With all the improvements the loop instead of being this:

``````    vertices.foldLeft(d -> pred) { case ((d, pred), k) =>
vertices.foldLeft(d -> pred) { case ((d, pred), row) =>
vertices.foldLeft(d -> pred) { case ((d, pred), col) =>
val rc = row -> col
(d.get(rc), d.get(row -> k), d.get(k -> col)) match {
case (Some(rowcol), Some(rowk), Some(kcol)) if rowk + kcol < rowcol =>
// we had an old distance, but we have a better distance via vertex k
(d + (rc -> (rowk + kcol)), pred + (rc -> pred(k -> col)))
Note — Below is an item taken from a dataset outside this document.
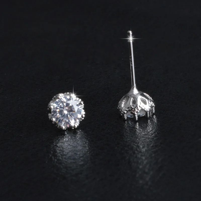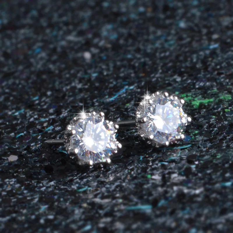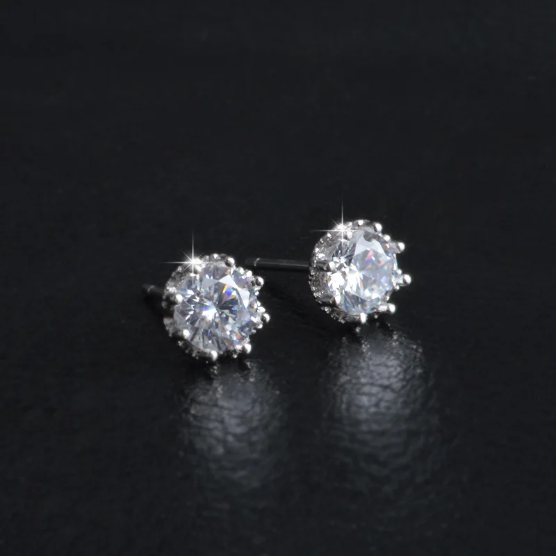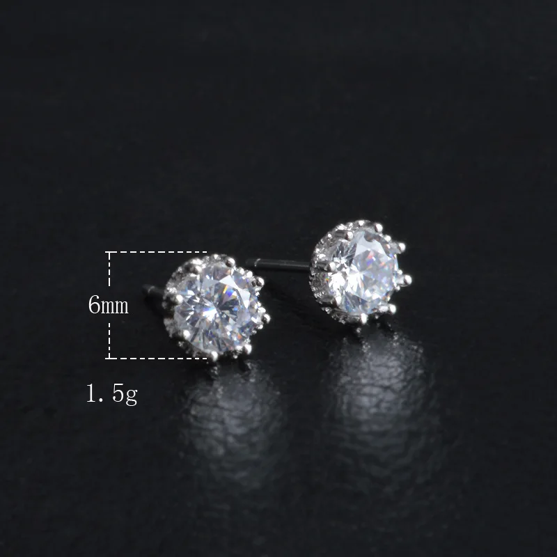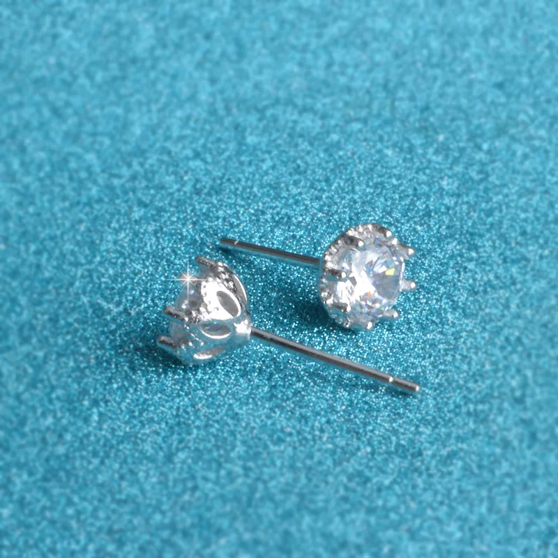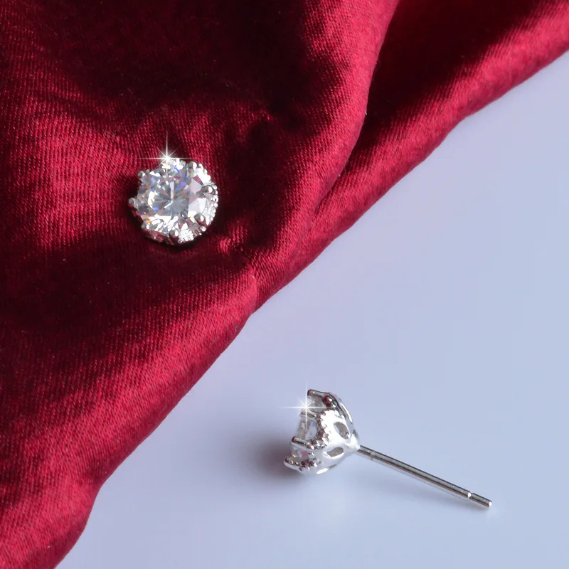 Hot Sale 925 Sterling Sliver Jewelry Elegant Stud Earrings For Wedding 6 claws AAA Cubic Zirconia Stone Earring

case (None, Some(rowk), Some(kcol)) =>
// old distance was INFINITY, but we have a new distance via vertex k
(d + (rc -> (rowk + kcol)), pred + (rc -> pred(k -> col)))

case (_, _, _) => (d, pred)
}
}
}
}
``````

would be this:

``````Cartesian(vertices, vertices, vertices).foldLeft(d -> pred) {
case ((d, pred), (k, row, col)) =>
val rc = row -> col
(d.get(rc), d.get(row -> k), d.get(k -> col)) match {
case (rowcolOpt, Some(rowk), Some(kcol)) if rowcolOpt.forall(_ > rowk + kcol) =>
(d + (rc -> (rowk + kcol)), pred + (rc -> pred(k -> col)))
case _ => (d, pred)
}
}
``````
1 Like

Also `case (_, _, _) => (d, pred)` can be replaced by `case _ => (d, pred)`

Is that an optimization or simply a style issue? If it is only style, I prefer `(_,_,_)` as I can look at the group with my eyes, and emphasize that the only possibility is a triple, rather than some other sort of null value.

Is this `Cartesian` idea a common idiom? If not, I prefer (for my application) the three loops, as it tends to look like the pseudo-code for Floyd-Warshall which a student would find with any search.

Another part of my motivation is that I’ll be giving a course in graph-theory where students learn about single and multiple source shortest path search. Most texts they look at will present a mutable, imperative algorithm in pseudocode. I want to enhance their experience by should a function approach, even if (especially if) the students are not intimately familiar with functional programming. I don’t expect the students to go away and program it themselves functionally, but I’d like them to have some appreciation for how elegant and understandable it can be if done without mutation.